* **Problem to work on**
Restate the listing word for word. Stop at the line that holds "Proportion of absences", include it, and leave out all pictures.
-------- Input data
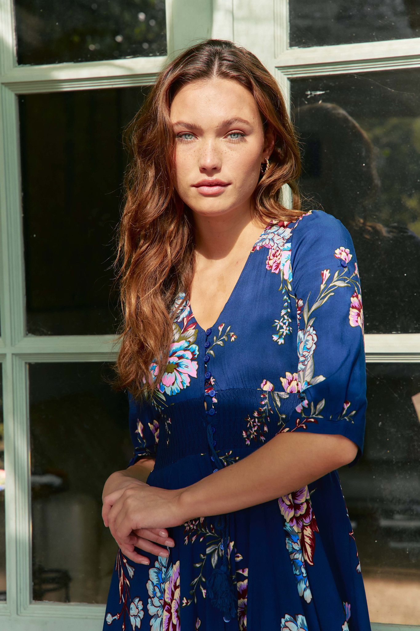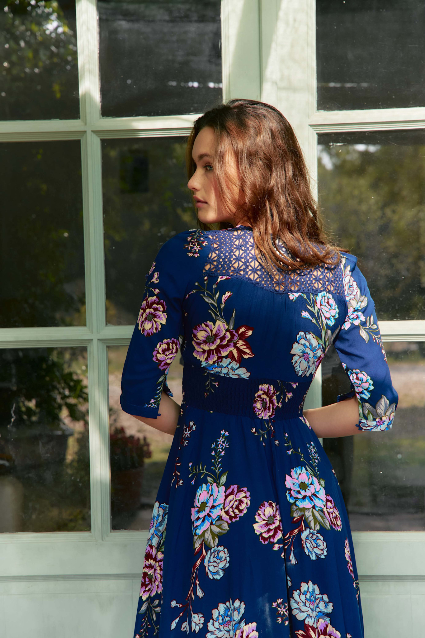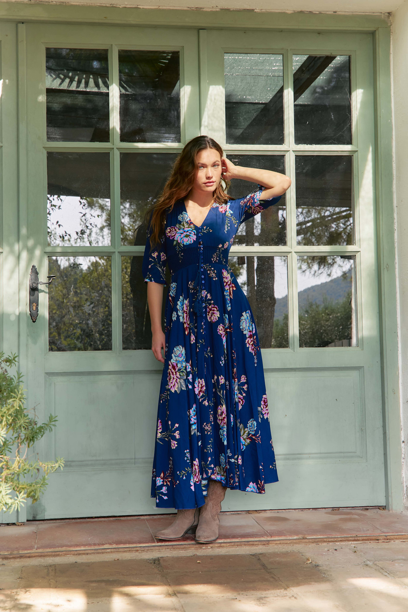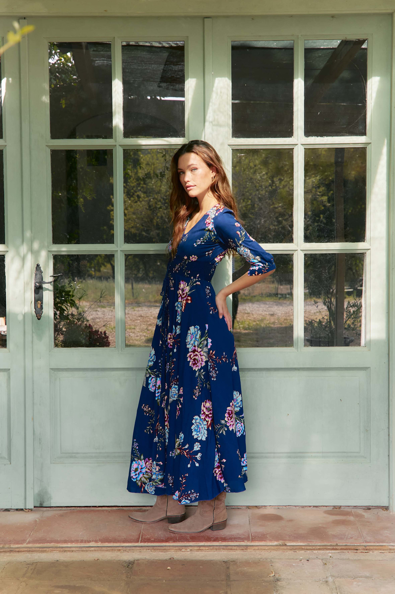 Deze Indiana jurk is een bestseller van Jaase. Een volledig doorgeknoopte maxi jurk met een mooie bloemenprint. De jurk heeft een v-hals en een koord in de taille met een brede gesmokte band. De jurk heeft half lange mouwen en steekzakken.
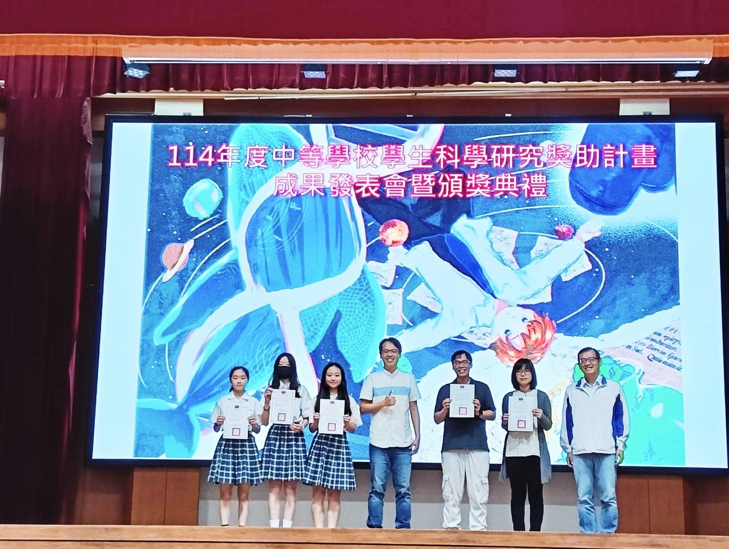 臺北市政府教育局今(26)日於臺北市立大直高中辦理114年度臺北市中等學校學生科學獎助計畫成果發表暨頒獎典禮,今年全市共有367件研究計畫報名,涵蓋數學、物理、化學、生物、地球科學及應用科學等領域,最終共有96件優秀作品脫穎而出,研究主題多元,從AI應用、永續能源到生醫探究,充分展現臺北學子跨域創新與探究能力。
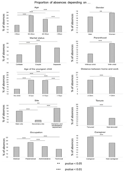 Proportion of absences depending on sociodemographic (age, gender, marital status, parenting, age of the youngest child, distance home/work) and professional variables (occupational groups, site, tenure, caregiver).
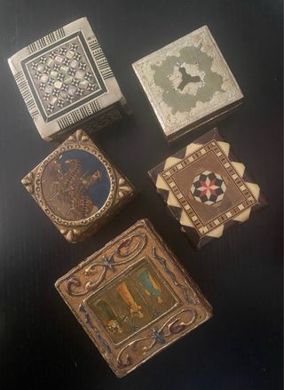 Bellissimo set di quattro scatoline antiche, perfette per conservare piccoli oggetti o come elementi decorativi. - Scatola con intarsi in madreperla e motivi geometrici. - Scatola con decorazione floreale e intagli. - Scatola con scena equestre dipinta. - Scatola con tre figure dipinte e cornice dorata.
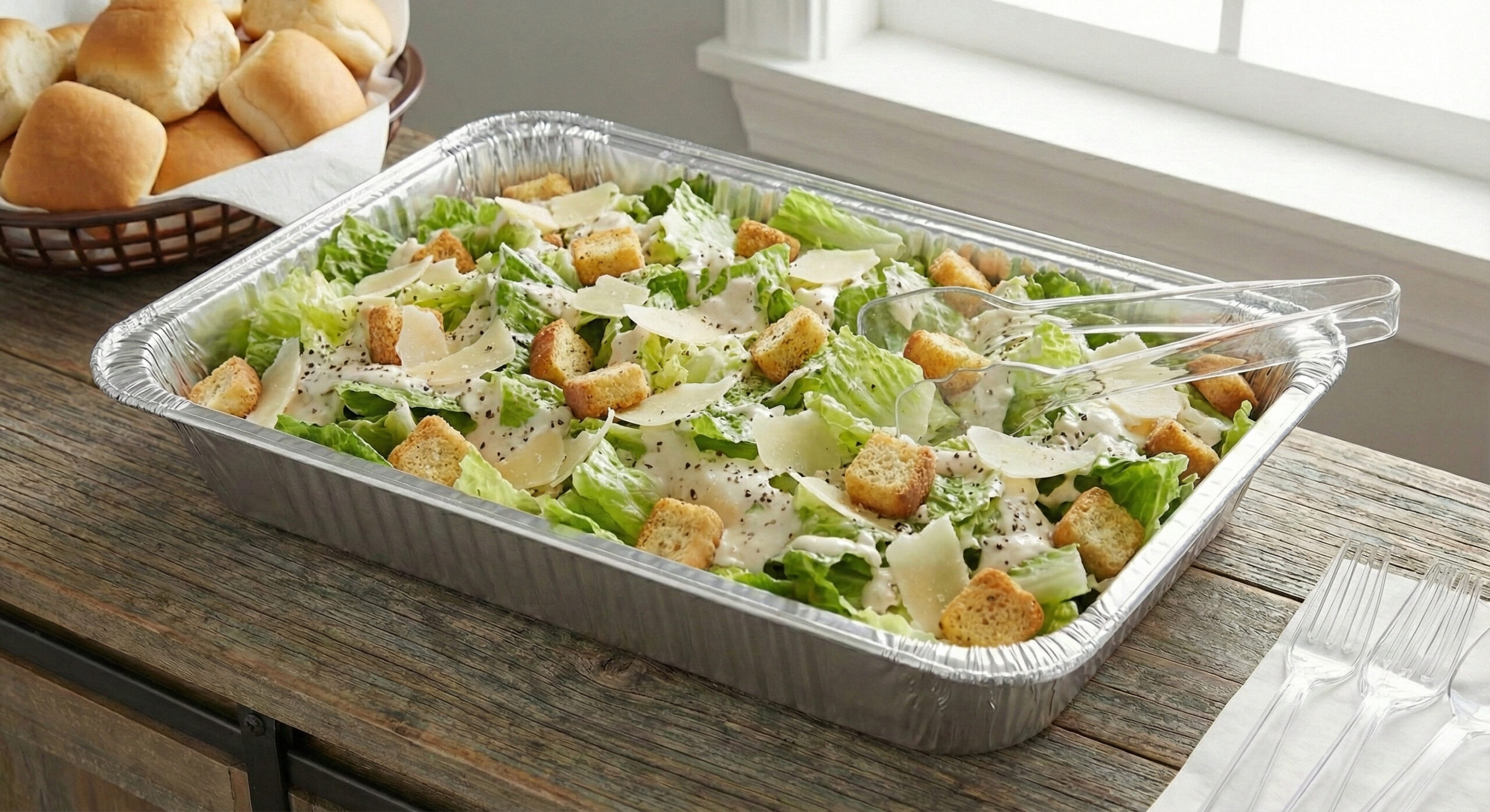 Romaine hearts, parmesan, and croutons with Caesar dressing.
----------------
* **Finished task**
 Deze Indiana jurk is een bestseller van Jaase. Een volledig doorgeknoopte maxi jurk met een mooie bloemenprint. De jurk heeft een v-hals en een koord in de taille met een brede gesmokte band. De jurk heeft half lange mouwen en steekzakken.
 臺北市政府教育局今(26)日於臺北市立大直高中辦理114年度臺北市中等學校學生科學獎助計畫成果發表暨頒獎典禮,今年全市共有367件研究計畫報名,涵蓋數學、物理、化學、生物、地球科學及應用科學等領域,最終共有96件優秀作品脫穎而出,研究主題多元,從AI應用、永續能源到生醫探究,充分展現臺北學子跨域創新與探究能力。
 Proportion of absences depending on sociodemographic (age, gender, marital status, parenting, age of the youngest child, distance home/work) and professional variables (occupational groups, site, tenure, caregiver).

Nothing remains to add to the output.